LISBET: a self-supervised Transformer model for the automatic segmentation of social behavior motifs

Giuseppe Chindemi,Benoit Girard,Camilla Bellone

Social behavior, defined as the process by which individuals act and react in response to others, is crucial for the function of societies and holds profound implications for mental health. To fully grasp the intricacies of social behavior and identify potential therapeutic targets for addressing social deficits, it is essential to understand its core principles. Although machine learning algorithms have made it easier to study specific aspects of complex behavior, current methodologies tend to focus primarily on single-animal behavior. In this study, we introduce LISBET (seLf-supervIsed Social BEhavioral Transformer), a model designed to detect and segment social interactions. Our model eliminates the need for feature selection and extensive human annotation by using self-supervised learning to detect and quantify social behaviors from dynamic body parts tracking data. LISBET can be used in hypothesis-driven mode to automate behavior classification using supervised finetuning, and in discovery-driven mode to segment social behavior motifs using unsupervised learning. We found that motifs recognized using the discovery-driven approach not only closely match the human annotations but also correlate with the electrophysiological activity of dopaminergic neurons in the Ventral Tegmental Area (VTA). We hope LISBET will help the community improve our understanding of social behaviors and their neural underpinnings.

向量化 · 操作 · 數學 · 數值分析 ·

2023 年 11 月 7 日

On the generalized vectorization and its inverse

Vitor Curtarelli

Although the vectorization operation is known and well-defined, it is only defined for 2-D matrices, and its inverse isn't as well-popularized. This work proposes to generalize the vectorization to higher dimensions, and define mathematically its inverse operation.

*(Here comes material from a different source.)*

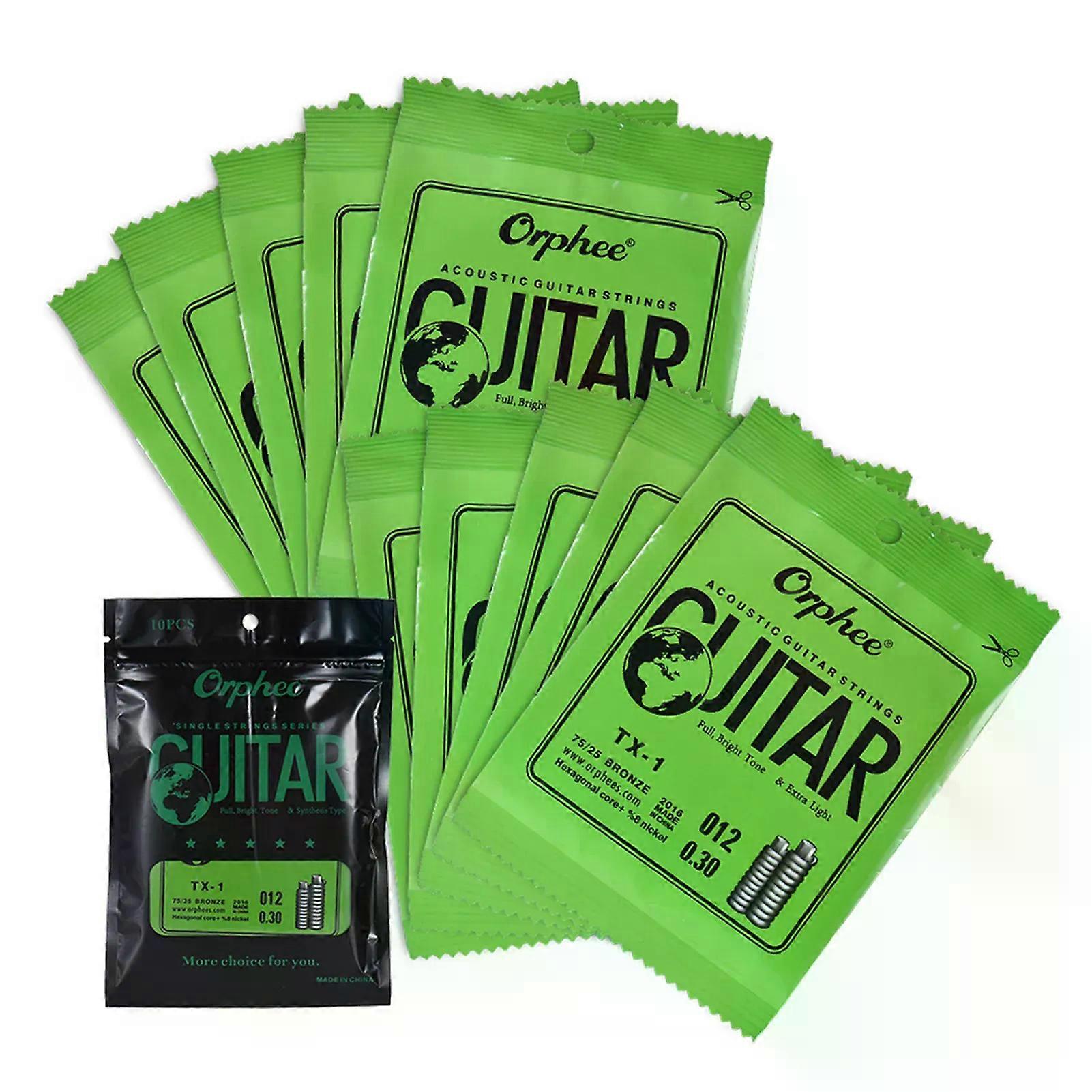 Orphee TX-1 Single String Replacement for Acoustic Folk Guitar 1st E-String (010) 10-Pack High-carbon Steel Core 75/25 Phosphor

估計/估計量 · 泛函 · FC · Extensibility · fMRI ·

2023 年 11 月 7 日

Accurate estimation of functional brain connectivity via Bayesian ICA with population-derived priors

Amanda Mejia,David Bolin,Daniel Spencer,Ani Eloyan

from arxiv, 33 pages, 12 figures, plus appendix

Estimation of brain functional connectivity (FC) is essential for understanding the functional organization in the brain and for identifying changes occurring due to neurological disorders, development, treatment, and other phenomena. Independent component analysis (ICA) is a matrix decomposition method that has been used extensively for estimation of brain functional networks and their FC. However, estimation of FC via ICA is often sub-optimal due to the use of ad-hoc methods or need for temporal dimension reduction prior to traditional ICA methods. Bayesian ICA methods can avoid dimension reduction, produce more accurate estimates, and facilitate inference via posterior distributions on the model parameters. In this paper, we propose a novel, computationally efficient Bayesian ICA method with population-derived priors on both the temporal covariance, representing FC, and the spatial components of the model. We propose two algorithms for parameter estimation: a Bayesian Expectation-Maximization algorithm with a Gibbs sampler at the E-step, and a more computationally efficient variational Bayes algorithm. Through extensive simulation studies using realistic fMRI data generation mechanisms, we evaluate the performance of the proposed methods and compare them with existing approaches. Finally, we perform a comprehensive evaluation of the proposed methods using fMRI data from over 400 healthy adults in the Human Connectome Project. Our analyses demonstrate that the proposed Bayesian ICA methods produce highly accurate measures of functional connectivity and spatial brain features. The proposed framework is computationally efficient and applicable to single-subject analysis, making it potentially clinically viable.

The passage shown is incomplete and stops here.